ACTIVITY → The records below are to be copied exactly, with their pictures left out.

Data entries
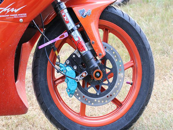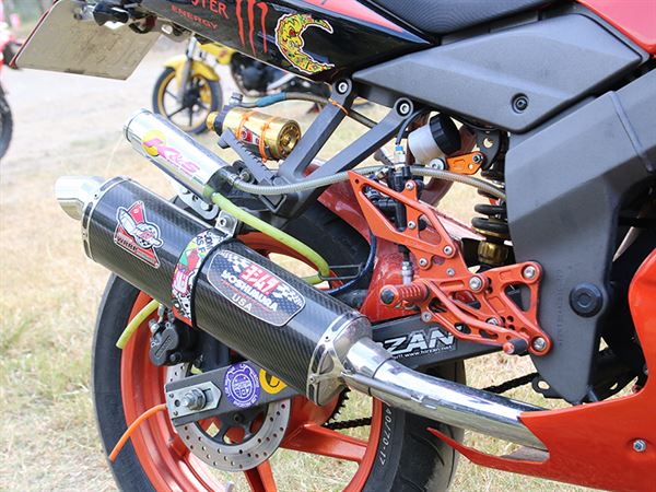 酷龍是目前台灣市面上唯一一台具有仿賽整流罩的國產檔車,車主將整流罩更換成類CBR樣式車罩,讓原本仿賽酷龍非常高突的風鏡下降,而換成類CBR樣式車罩之後,使原本頭尾一樣高的線條改變,讓整體的比例更加的賽車化,而呈現的視覺結果也相當成功,移到三角台下的分離把手降低了把手的高度讓車頭視覺感更低趴,配上RSF全組後移腳踏也讓騎士整體的騎姿更接近仿賽車的風格,配上其他升級的制動、排氣以及懸吊系統讓整車的改裝程度更加到位。
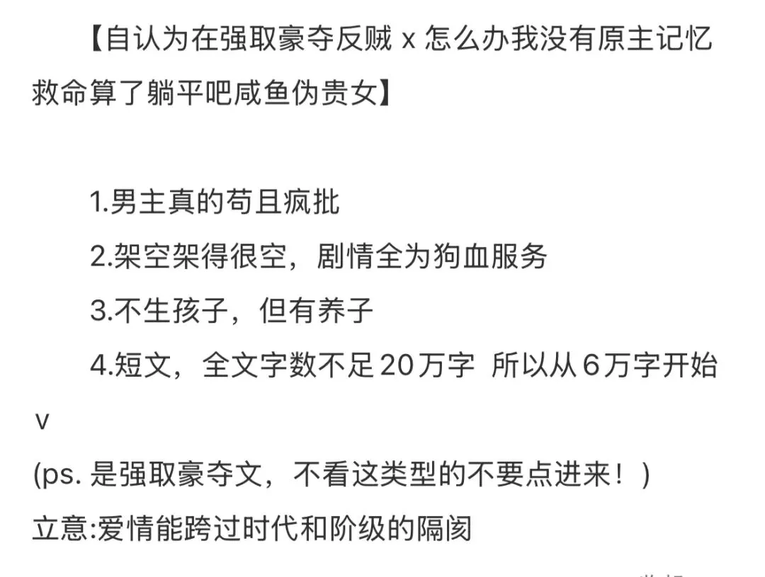 其实本来想发吐槽的,但是这几本我都看完了,我觉得这种小甜文还是有受众的,在某种特别想看男主超爱的时候,还是可以看看的。
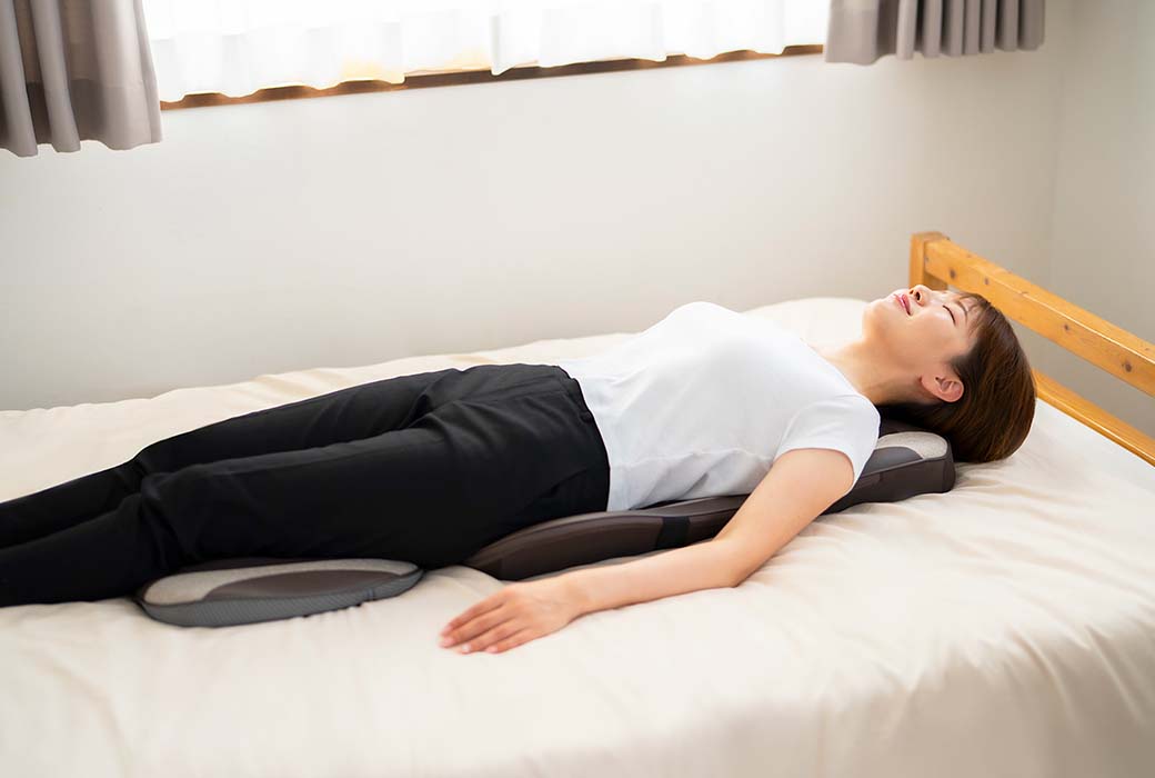 また、椅子やソファに立てかけて寄りかかって使用することはもちろん、床やベッドに広げて寝ながらもご使用いただけます。寝ながら使用することで自重が加わり、より強く深い揉み心地を味わえます。
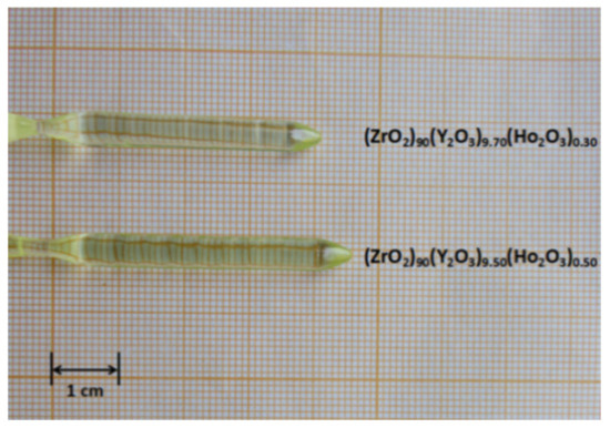 (ZrO2)90(Y2O3)9.70(Ho2O3)0.30 and (ZrO2)90(Y2O3)9.50(Ho2O3)0.50 crystal rods.
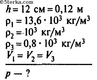 В цилиндрический сосуд налиты ртуть , вода и керосин. Определите общее давление, которое оказывают жидкости на дно сосуда, если обьемы всех жидкостейравны, а верхний уровень керосина находится на высоте 139мм от дна сосуда. принятть g=10н/кг Ответ дать в кпа
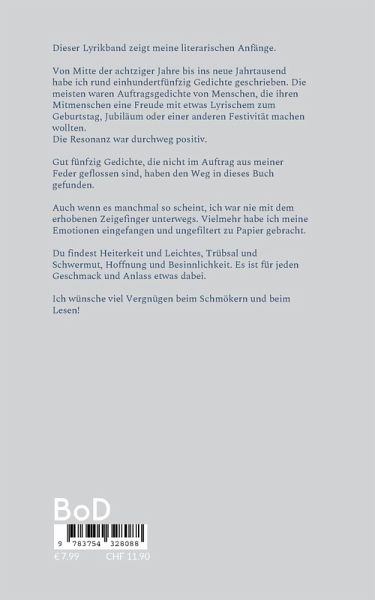 Dieser Lyrikband zeigt meine literarischen Anfänge.Von Mitte der achtziger Jahre bis ins neue Jahrtausend habe ich rund einhundertfünfzig Gedichte geschrieben. Die meisten waren Auftragsgedichte von Menschen, die ihren Mitmenschen eine Freude mit etwas Lyrischem zum Geburtstag, Jubiläum oder einer anderen Festivität machen wollten.Die Resonanz war durchweg positiv.Gut fünfzig Gedichte, die nicht im Auftrag aus meiner Feder geflossen sind, haben den Weg in dieses Buch gefunden.Auch wenn es manchmal so scheint, ich war nie mit dem erhobenen Zeigefinger unterwegs. Vielmehr habe ich meine Emotionen eingefangen und ungefiltert zu Papier gebracht.Du findest Heiterkeit und Leichtes, Trübsal und Schwermut, Hoffnung und Besinnlichkeit. Es ist für jeden Geschmack und Anlass etwas dabei.Ich wünsche viel Vergnügen beim Schmökern und beim Lesen!

OUTPUT →
 酷龍是目前台灣市面上唯一一台具有仿賽整流罩的國產檔車,車主將整流罩更換成類CBR樣式車罩,讓原本仿賽酷龍非常高突的風鏡下降,而換成類CBR樣式車罩之後,使原本頭尾一樣高的線條改變,讓整體的比例更加的賽車化,而呈現的視覺結果也相當成功,移到三角台下的分離把手降低了把手的高度讓車頭視覺感更低趴,配上RSF全組後移腳踏也讓騎士整體的騎姿更接近仿賽車的風格,配上其他升級的制動、排氣以及懸吊系統讓整車的改裝程度更加到位。
 其实本来想发吐槽的,但是这几本我都看完了,我觉得这种小甜文还是有受众的,在某种特别想看男主超爱的时候,还是可以看看的。
 また、椅子やソファに立てかけて寄りかかって使用することはもちろん、床やベッドに広げて寝ながらもご使用いただけます。寝ながら使用することで自重が加わり、より強く深い揉み心地を味わえます。
 (ZrO2)90(Y2O3)9.70(Ho2O3)0.30 and (ZrO2)90(Y2O3)9.50(Ho2O3)0.50 crystal rods.
 В цилиндрический сосуд налиты ртуть , вода и керосин. Определите общее давление, которое оказывают жидкости на дно сосуда, если обьемы всех жидкостейравны, а верхний уровень керосина находится на высоте 139мм от дна сосуда. принятть g=10н/кг Ответ дать в кпа
 Dieser Lyrikband zeigt meine literarischen Anfänge.Von Mitte der achtziger Jahre bis ins neue Jahrtausend habe ich rund einhundertfünfzig Gedichte geschrieben. Die meisten waren Auftragsgedichte von Menschen, die ihren Mitmenschen eine Freude mit etwas Lyrischem zum Geburtstag, Jubiläum oder einer anderen Festivität machen wollten.Die Resonanz war durchweg positiv.Gut fünfzig Gedichte, die nicht im Auftrag aus meiner Feder geflossen sind, haben den Weg in dieses Buch gefunden.Auch wenn es manchmal so scheint, ich war nie mit dem erhobenen Zeigefinger unterwegs. Vielmehr habe ich meine Emotionen eingefangen und ungefiltert zu Papier gebracht.Du findest Heiterkeit und Leichtes, Trübsal und Schwermut, Hoffnung und Besinnlichkeit. Es ist für jeden Geschmack und Anlass etwas dabei.Ich wünsche viel Vergnügen beim Schmökern und beim Lesen!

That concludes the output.